- DATA EXTRACTS:
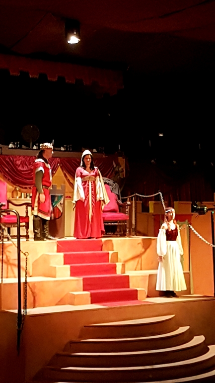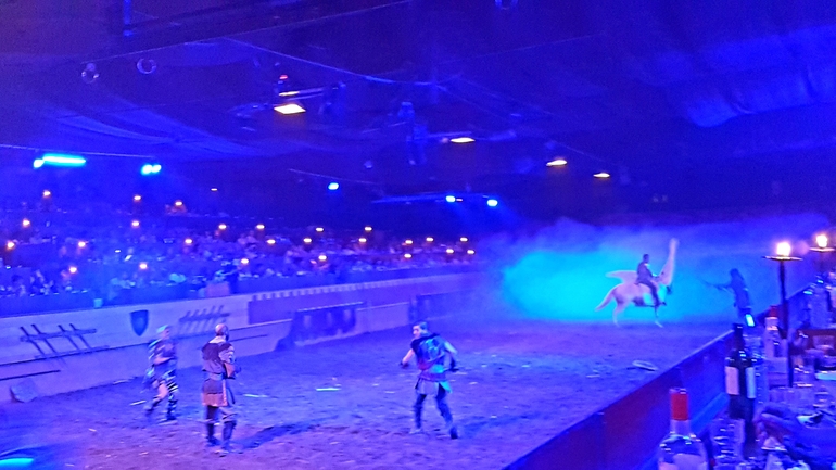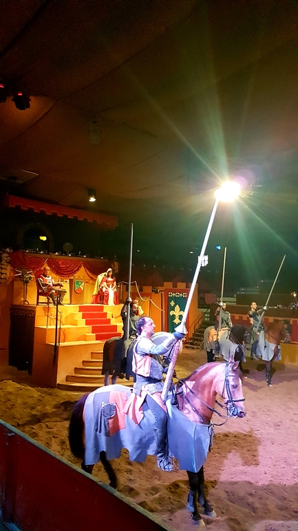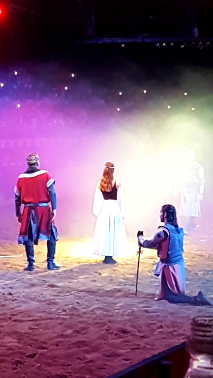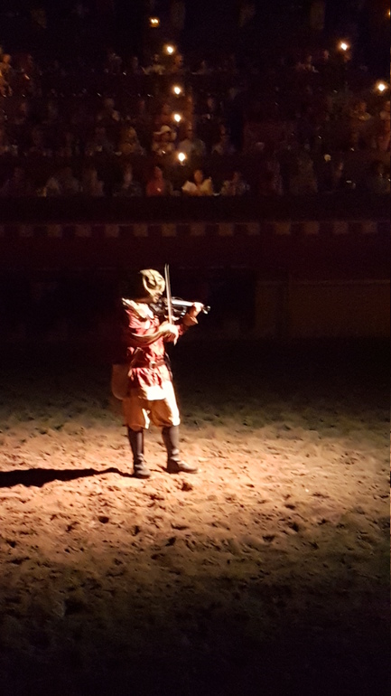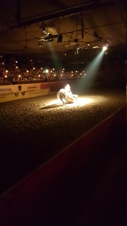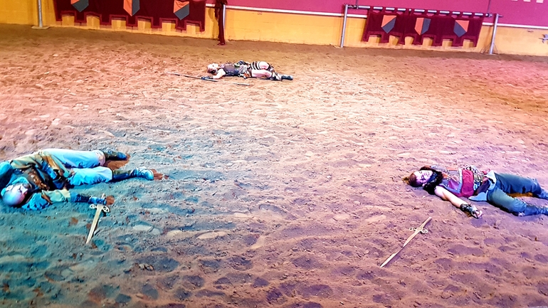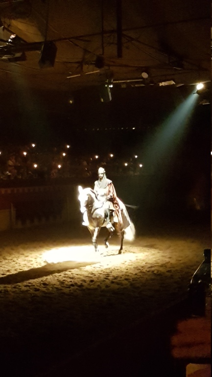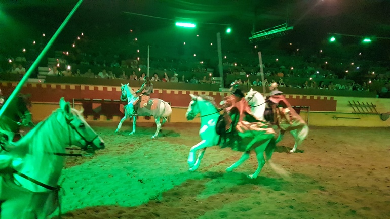 Сначала все наездники продемонстрировали свою удаль, выполняя различные трюки, а затем началось побоище. Возможно спектакль не произвел бы сильного впечатления, если бы не атмосфера. Сидишь вся такая в короне с курицей в зубах руках, ни салфеток, ни приборов. Волей не волей ощущаешь себя именно там, в далеком прошлом) Мои фото конечно тоже треш, камера не справлялась ни с приглушенным светом, ни с движущимися объектами. Но уж очень хотелось запечатлеть на память. После спектакля был концерт, сначала выступал испанский певец, затем началось шоу Фламенко. Все имеют представление, что это такое, поэтому когда на сцену вскочили две лошади и начали выстукивать ритм копытами, мы очень удивились)
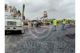 SABINAS, COAHUILA, 06SEPTIEMBRE2022.- La Coordinadora Nacional de Protección Civil (CNPC) y la Comisión Federal de Electricidad dieron inicio a la nueva etapa de trabajos de rescate en el complejo minero de El Pinabete. La nueva fase contempla realizar una excavación de 450 metros de largo, por 320 de ancho y 60 metros de profundidad para extraer un volumen de 5.6 millones metros cúbicos de tierra. A fin de poder ingresar en las galerías que actualmente se encuentran inundadas. FOTO: ESPECIAL/CUARTOSCURO.COM
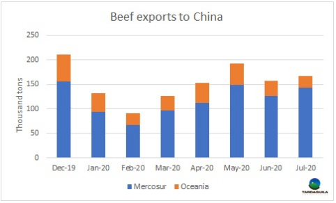 七月南美和澳洲兩個(gè)主要供應(yīng)地區(qū)對(duì)中國(guó)的牛肉出口再次增長(zhǎng),由于南美市場(chǎng)出口量的增加,部分抵消了澳大利亞和新西蘭的出口量減少。來(lái)自阿根廷的評(píng)估數(shù)據(jù)表明(數(shù)據(jù)將于本月底公布),南方共同市場(chǎng)7月向中國(guó)出口牛肉14.4萬(wàn)噸,比6月增長(zhǎng)了1.7萬(wàn)噸。相反,從澳洲發(fā)運(yùn)量減少了7000噸減少至2.3萬(wàn)噸。今年截止7月,南美和澳洲向中國(guó)出口牛肉102萬(wàn)噸。
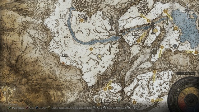 If you head directly north from the Village of the Albinaurics, you’ll reach the Rose Church. East of the Church is a small ruin with the Fallen Ruins of the Lake Site of Grace and a giant crayfish patrolling nearby. You’ll need to kill the crayfish to spawn an even worse enemy: a Grafted Scion. Kill that monstrosity for this one.
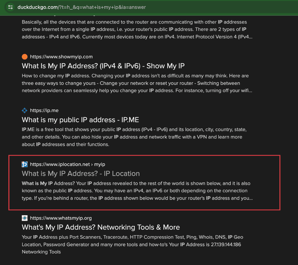 Non, DuckDuckGo ne masque pas votre adresse IP. En tant que moteur de recherche, DuckDuckGo ne trace pas et ne stocke pas vos informations personnelles, incluant votre adresse IP, lorsque vous l'utilisez pour faire des recherches sur le web. Mais les sites que vous visitez connaitrons quand même votre adresse IP. Si vous souhaitez masquer votre adresse IP, vous aurez besoin d'utiliser des outils comme les VPN ou le réseau Tor. DuckDuckGo offre un service .onion, qui offre des protections de la vie privée additionnelles lorsqu'on y accède via le navigateur Tor.
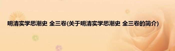 大家好,明清实学思潮史 全三卷,关于明清实学思潮史 全三卷的简介很多人还不知道,现在让我们一起来看看吧!
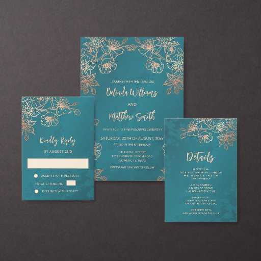 Rose Gold Floral Line Art Teal Wedding Begleitkarte
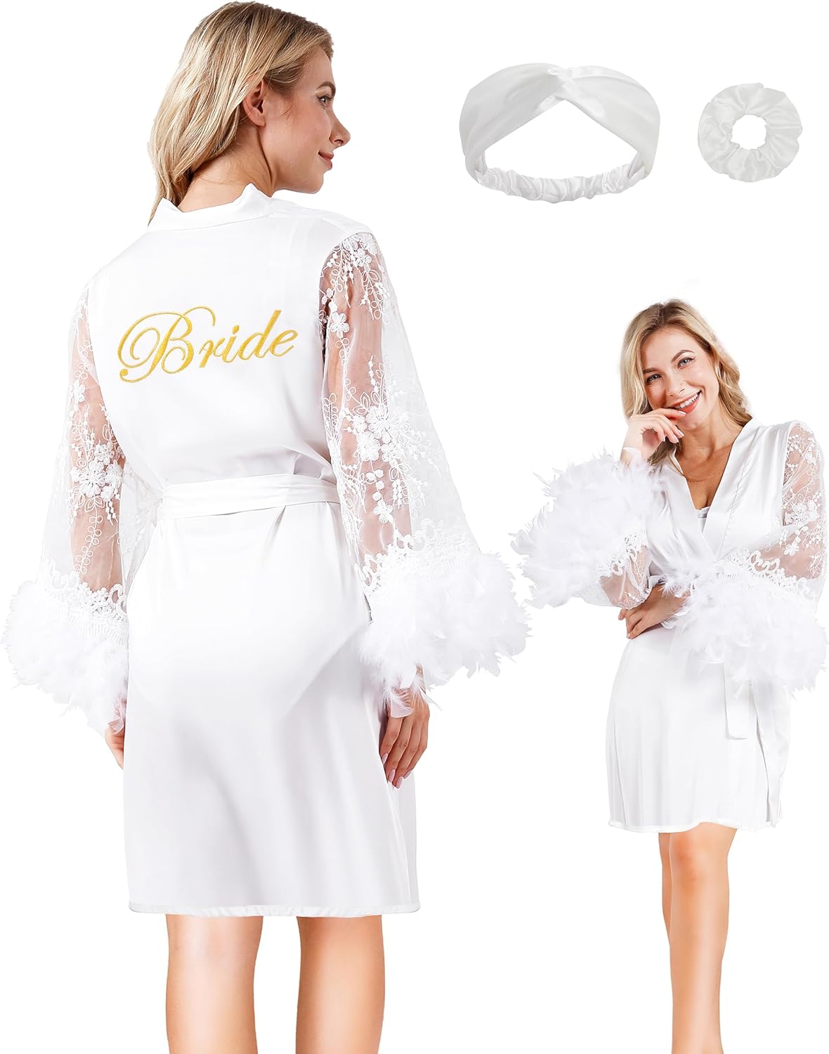 EPLAZA Women Feather Lace Bride Embroidery Robe with Hairband Hair Tie Wedding Bridal Party Satin Kimono Loungewear Sleepwear
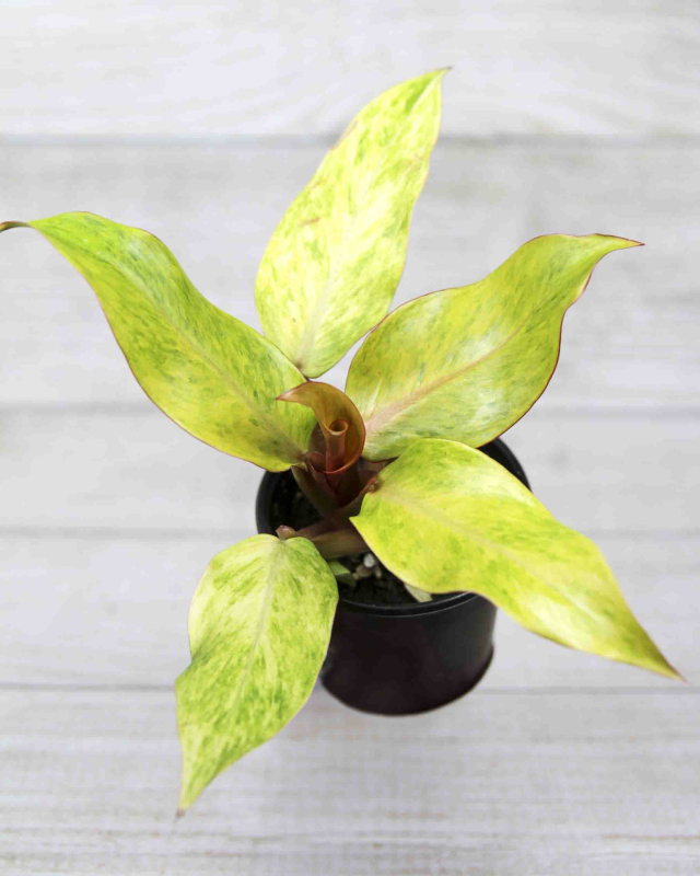 With a climbing growth habit, Philodendron 'Orange Marmalade' showcases a fascinating color transformation. Its fresh leaves emerge with a unique mottled orange pattern, slowly transitioning to green while often displaying delicate light orange speckles.
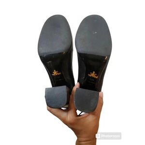 Round toe, tall block heel, ankle strap w/ large silver buckle.
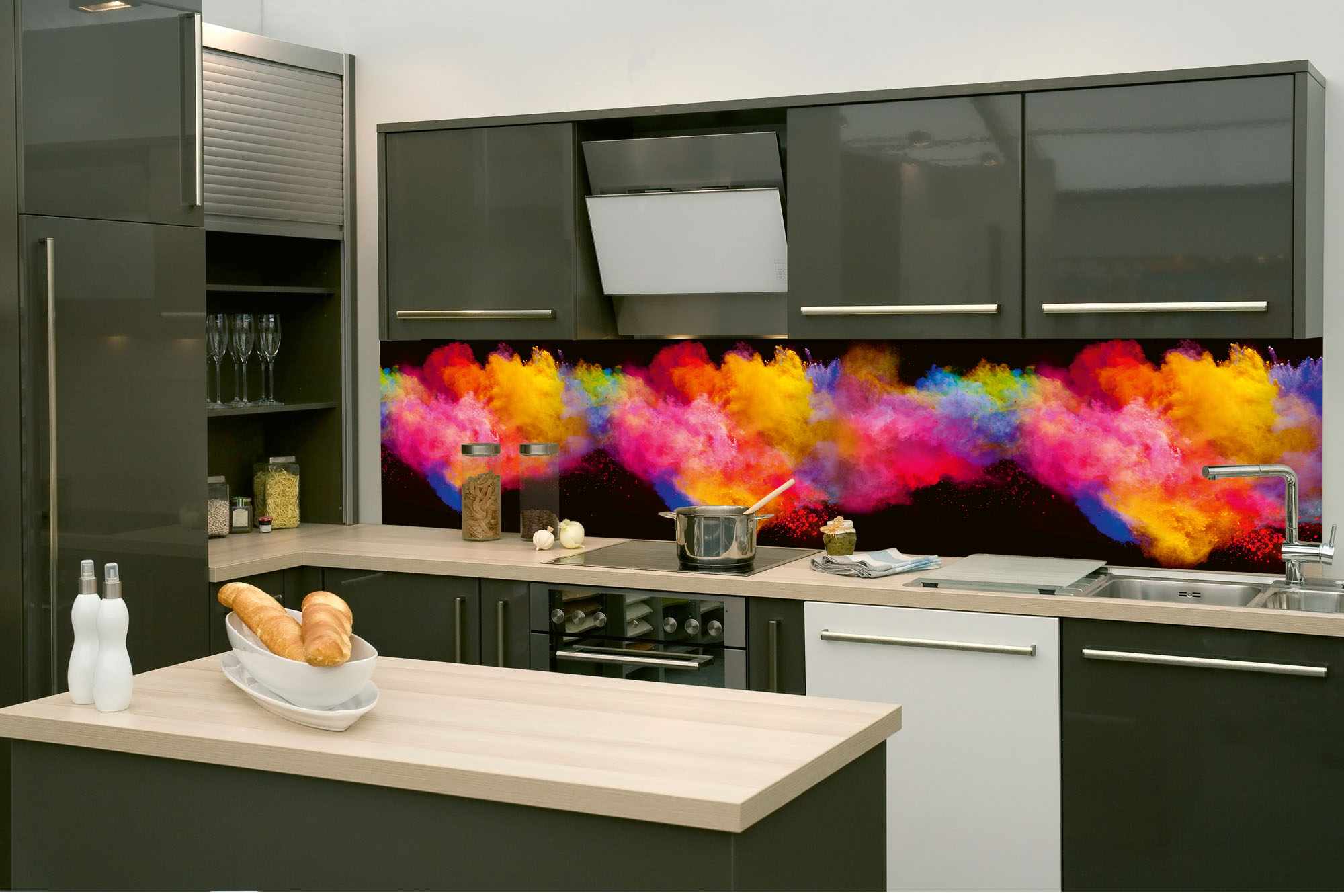 Küchenrückwand Folie - Explosion Von Farbigem Pulver 260 x 60 cm
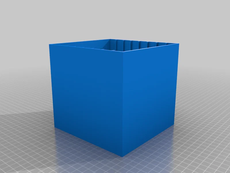 Tôi đã chỉnh sửa phần hộp bên ngoài để thêm hai ngăn kệ (chủ yếu là để tận dụng tối đa không gian nơi tôi lắp đặt nó). Tôi cũng đã khoét bớt phần giữa để tiết kiệm nhựa và giảm gần một nửa thời gian in. Phần gờ còn lại vẫn đủ để ngăn kéo trượt ra vào trơn tru như bình thường.
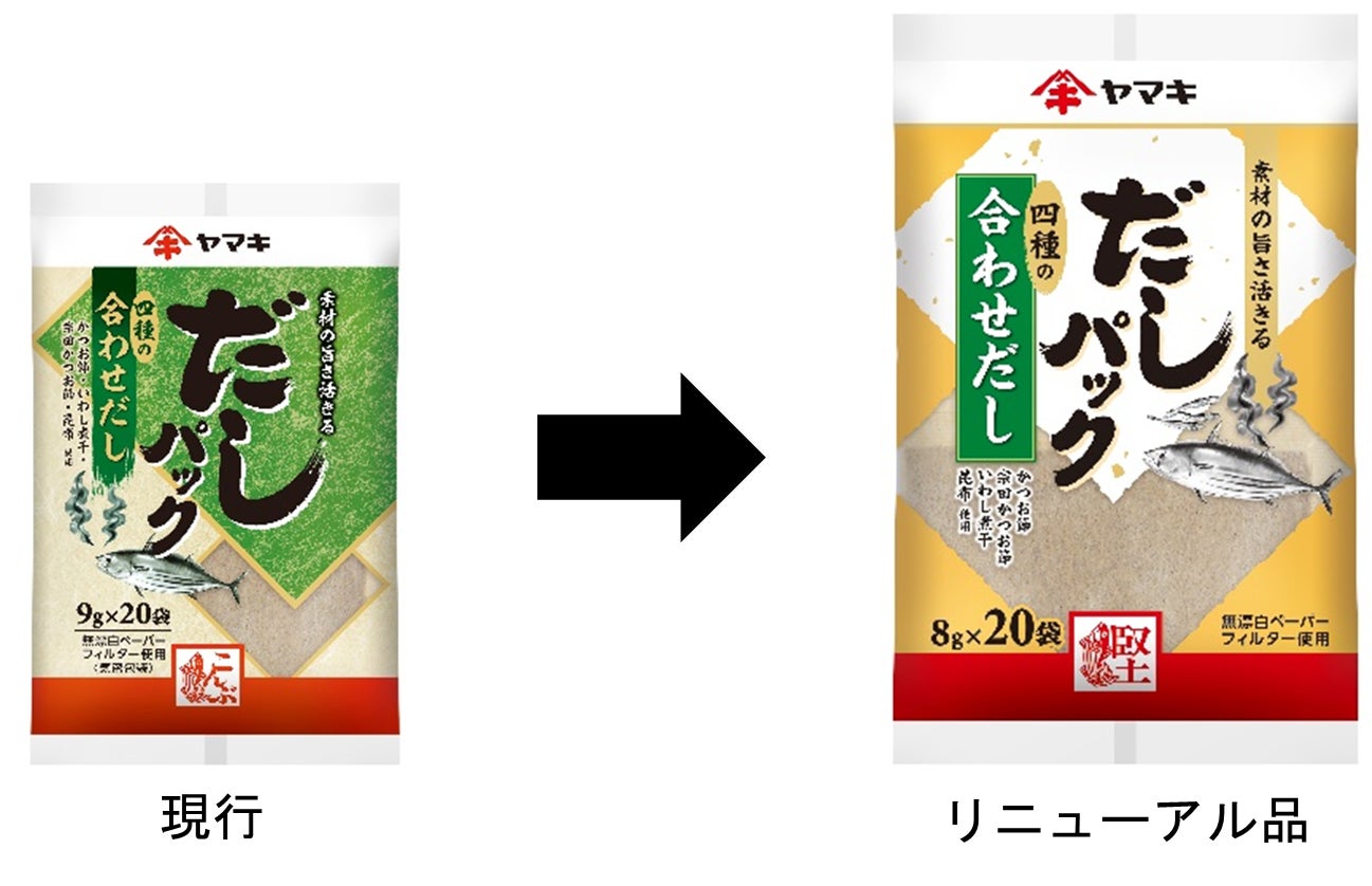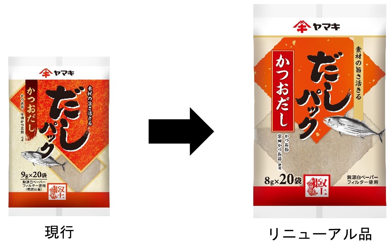 ヤマキ株式会社(本社:愛媛県伊予市 代表取締役社長:城戸善浩 以下 ヤマキ)は、「だしパックかつお8g×20P」と「だしパック合わせ8g×20P」をリニューアル発売します。

- REQUIRED WORK: Copy every record above exactly, leaving out the pictures.

- OUTPUT:
 Сначала все наездники продемонстрировали свою удаль, выполняя различные трюки, а затем началось побоище. Возможно спектакль не произвел бы сильного впечатления, если бы не атмосфера. Сидишь вся такая в короне с курицей в зубах руках, ни салфеток, ни приборов. Волей не волей ощущаешь себя именно там, в далеком прошлом) Мои фото конечно тоже треш, камера не справлялась ни с приглушенным светом, ни с движущимися объектами. Но уж очень хотелось запечатлеть на память. После спектакля был концерт, сначала выступал испанский певец, затем началось шоу Фламенко. Все имеют представление, что это такое, поэтому когда на сцену вскочили две лошади и начали выстукивать ритм копытами, мы очень удивились)
 SABINAS, COAHUILA, 06SEPTIEMBRE2022.- La Coordinadora Nacional de Protección Civil (CNPC) y la Comisión Federal de Electricidad dieron inicio a la nueva etapa de trabajos de rescate en el complejo minero de El Pinabete. La nueva fase contempla realizar una excavación de 450 metros de largo, por 320 de ancho y 60 metros de profundidad para extraer un volumen de 5.6 millones metros cúbicos de tierra. A fin de poder ingresar en las galerías que actualmente se encuentran inundadas. FOTO: ESPECIAL/CUARTOSCURO.COM
 七月南美和澳洲兩個(gè)主要供應(yīng)地區(qū)對(duì)中國(guó)的牛肉出口再次增長(zhǎng),由于南美市場(chǎng)出口量的增加,部分抵消了澳大利亞和新西蘭的出口量減少。來(lái)自阿根廷的評(píng)估數(shù)據(jù)表明(數(shù)據(jù)將于本月底公布),南方共同市場(chǎng)7月向中國(guó)出口牛肉14.4萬(wàn)噸,比6月增長(zhǎng)了1.7萬(wàn)噸。相反,從澳洲發(fā)運(yùn)量減少了7000噸減少至2.3萬(wàn)噸。今年截止7月,南美和澳洲向中國(guó)出口牛肉102萬(wàn)噸。
 If you head directly north from the Village of the Albinaurics, you’ll reach the Rose Church. East of the Church is a small ruin with the Fallen Ruins of the Lake Site of Grace and a giant crayfish patrolling nearby. You’ll need to kill the crayfish to spawn an even worse enemy: a Grafted Scion. Kill that monstrosity for this one.
 Non, DuckDuckGo ne masque pas votre adresse IP. En tant que moteur de recherche, DuckDuckGo ne trace pas et ne stocke pas vos informations personnelles, incluant votre adresse IP, lorsque vous l'utilisez pour faire des recherches sur le web. Mais les sites que vous visitez connaitrons quand même votre adresse IP. Si vous souhaitez masquer votre adresse IP, vous aurez besoin d'utiliser des outils comme les VPN ou le réseau Tor. DuckDuckGo offre un service .onion, qui offre des protections de la vie privée additionnelles lorsqu'on y accède via le navigateur Tor.
 大家好,明清实学思潮史 全三卷,关于明清实学思潮史 全三卷的简介很多人还不知道,现在让我们一起来看看吧!
 Rose Gold Floral Line Art Teal Wedding Begleitkarte
 EPLAZA Women Feather Lace Bride Embroidery Robe with Hairband Hair Tie Wedding Bridal Party Satin Kimono Loungewear Sleepwear
 With a climbing growth habit, Philodendron 'Orange Marmalade' showcases a fascinating color transformation. Its fresh leaves emerge with a unique mottled orange pattern, slowly transitioning to green while often displaying delicate light orange speckles.
 Round toe, tall block heel, ankle strap w/ large silver buckle.
 Küchenrückwand Folie - Explosion Von Farbigem Pulver 260 x 60 cm
 Tôi đã chỉnh sửa phần hộp bên ngoài để thêm hai ngăn kệ (chủ yếu là để tận dụng tối đa không gian nơi tôi lắp đặt nó). Tôi cũng đã khoét bớt phần giữa để tiết kiệm nhựa và giảm gần một nửa thời gian in. Phần gờ còn lại vẫn đủ để ngăn kéo trượt ra vào trơn tru như bình thường.
 ヤマキ株式会社(本社:愛媛県伊予市 代表取締役社長:城戸善浩 以下 ヤマキ)は、「だしパックかつお8g×20P」と「だしパック合わせ8g×20P」をリニューアル発売します。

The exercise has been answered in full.